■ **PROVIDED DATA**

* * * *

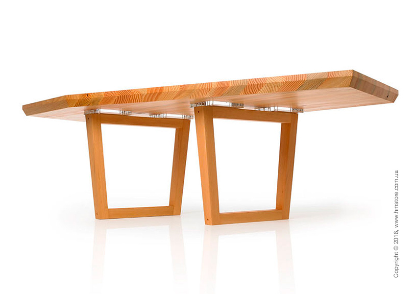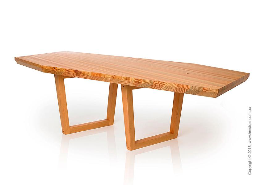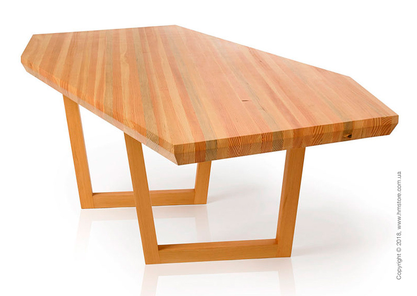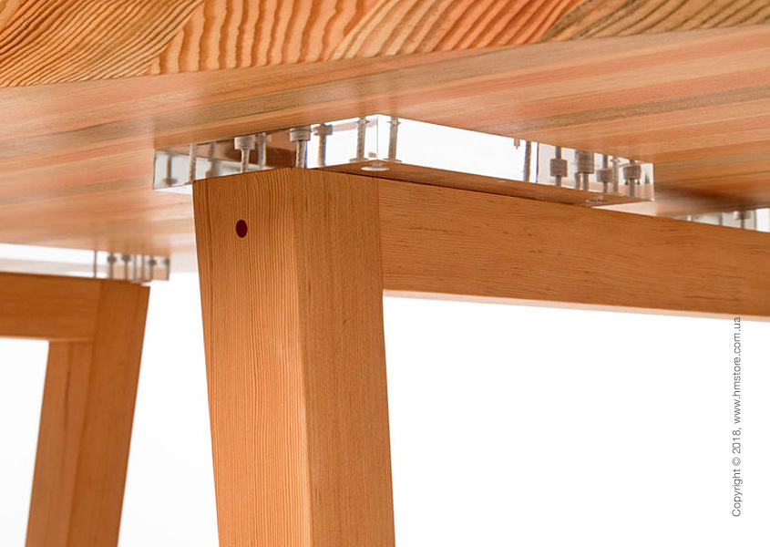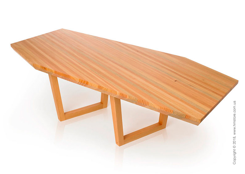 Текстура столешницы подчеркивает эти углы, а акриловые вставки под ней используются для нестандартной установки ножек. Этот стол создан из древесины дугласовой пихты, сертифицированной Лесным попечительским советом, с отделкой немецким парафиновым маслом, или древесины гигантской туи с обожженной столешницей и ножками, слегка окрашенными благодаря масляной отделке.
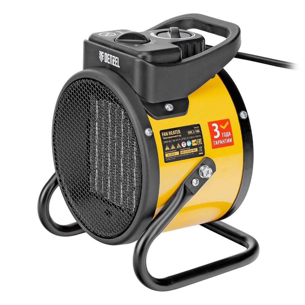 Тепловая пушка, керамический нагреватель (тепловентилятор) DHC 2-100, 230 В, 0.025/1/2 кВт Denzel 96429
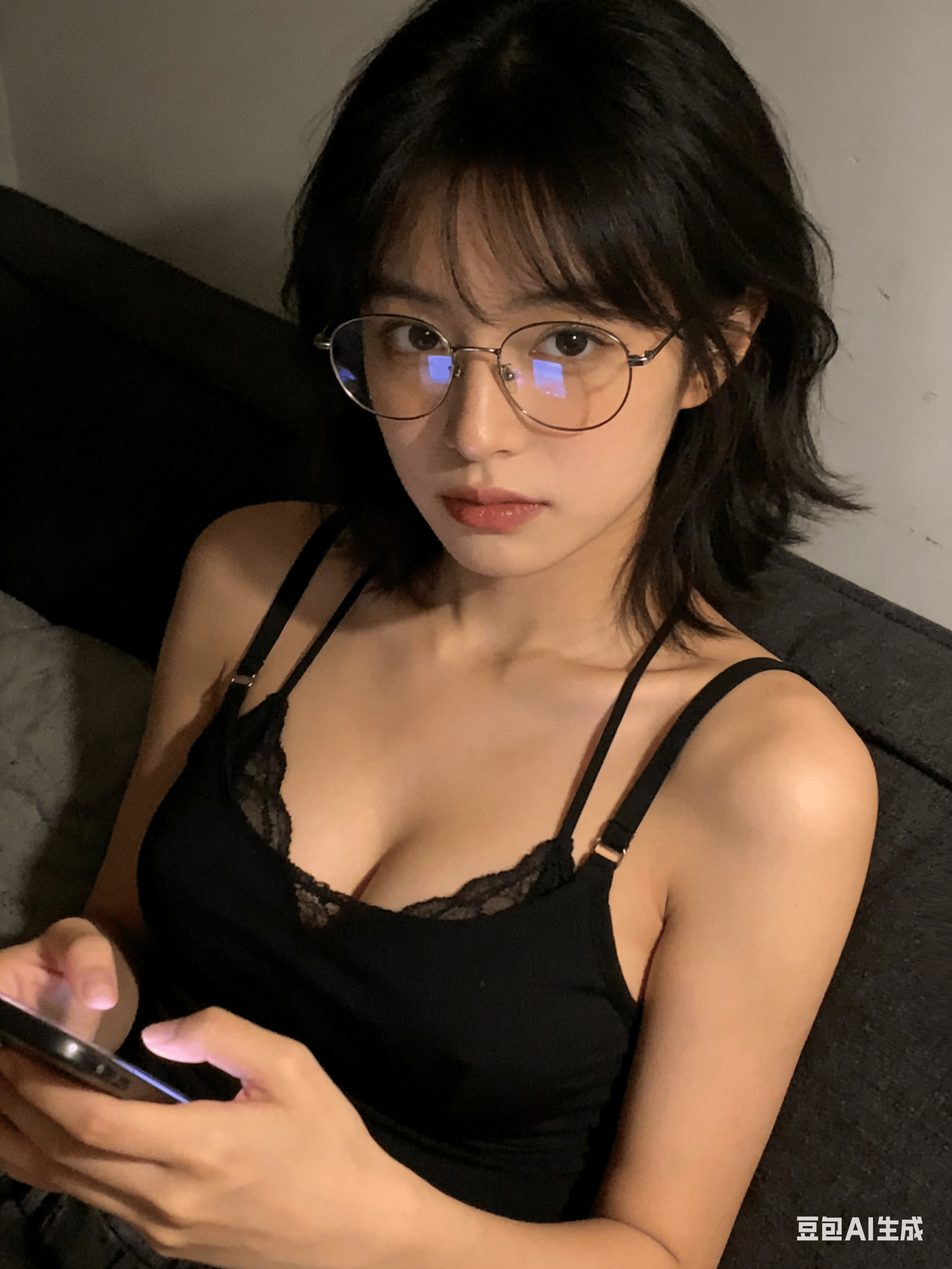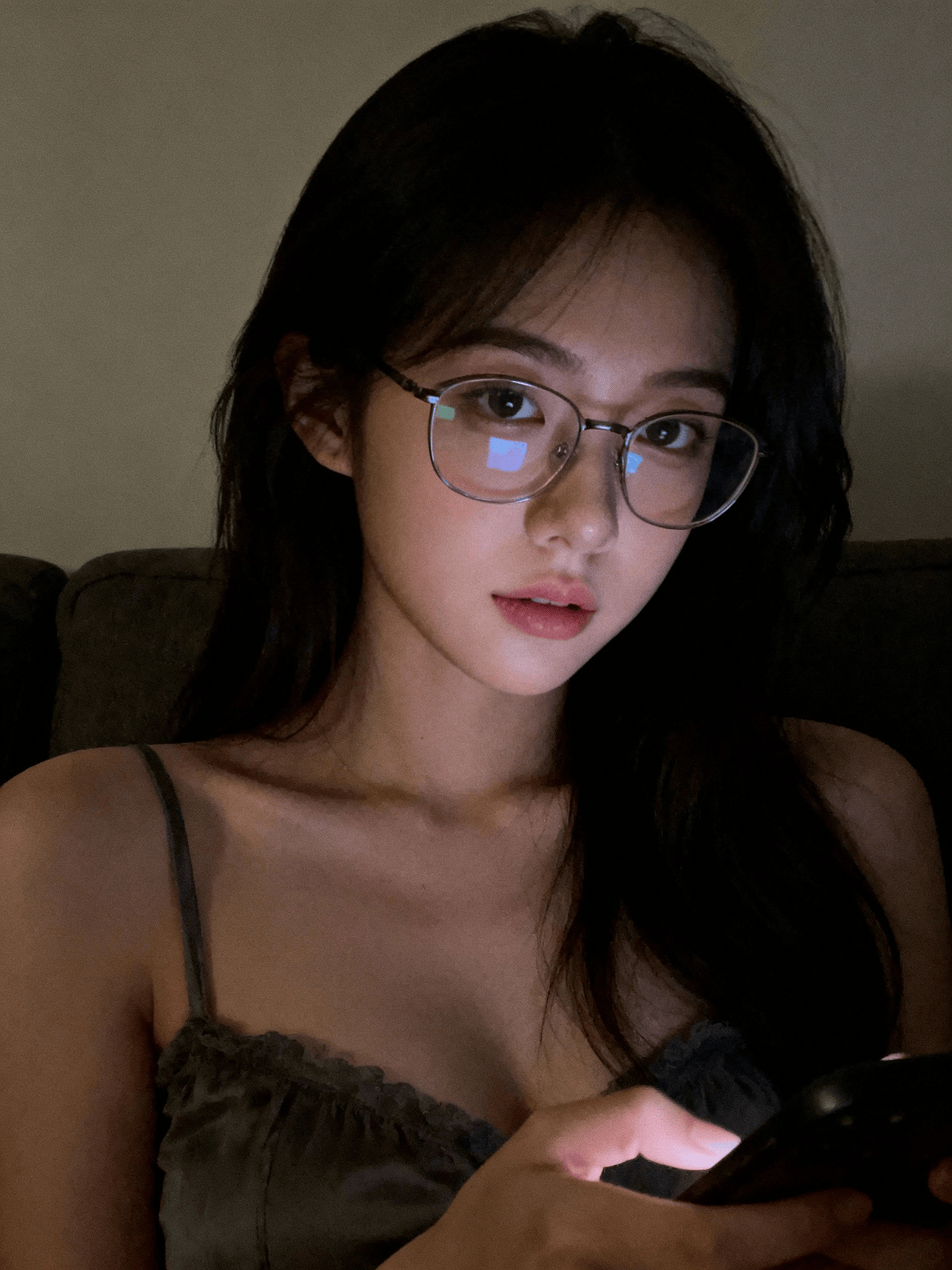 昏暗、普通的房间,主体身后是素色的墙壁。带有日常抓拍感的随意肖像摄影,未经精心构图或打光。略带成熟感的“御姐”时尚风格,戴着眼镜,镜片有轻微的反射光。坐在沙发上,“纯欲”风格的服装,上半身特写,正随意地玩着手机。女性,约20岁。 来源:@underwoodxie96
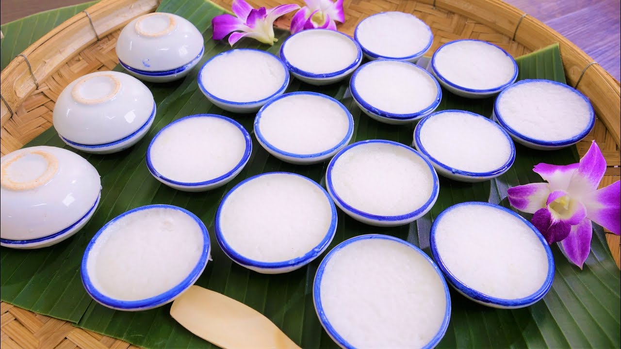 | เปิดฝาออกหยอดมะพร้าวอ่อนลงในขนม จากนั้นหยอดหน้ากะทิให้เต็มถ้วย |

* * * *

■ **EXERCISE**
What is needed is an exact transcription of the lines from the one holding "昏暗、普通的房间,主体身后是" to the end of the data, with every picture left out.

■ **RESPONSE TO THIS EXERCISE**
 昏暗、普通的房间,主体身后是素色的墙壁。带有日常抓拍感的随意肖像摄影,未经精心构图或打光。略带成熟感的“御姐”时尚风格,戴着眼镜,镜片有轻微的反射光。坐在沙发上,“纯欲”风格的服装,上半身特写,正随意地玩着手机。女性,约20岁。 来源:@underwoodxie96
 | เปิดฝาออกหยอดมะพร้าวอ่อนลงในขนม จากนั้นหยอดหน้ากะทิให้เต็มถ้วย |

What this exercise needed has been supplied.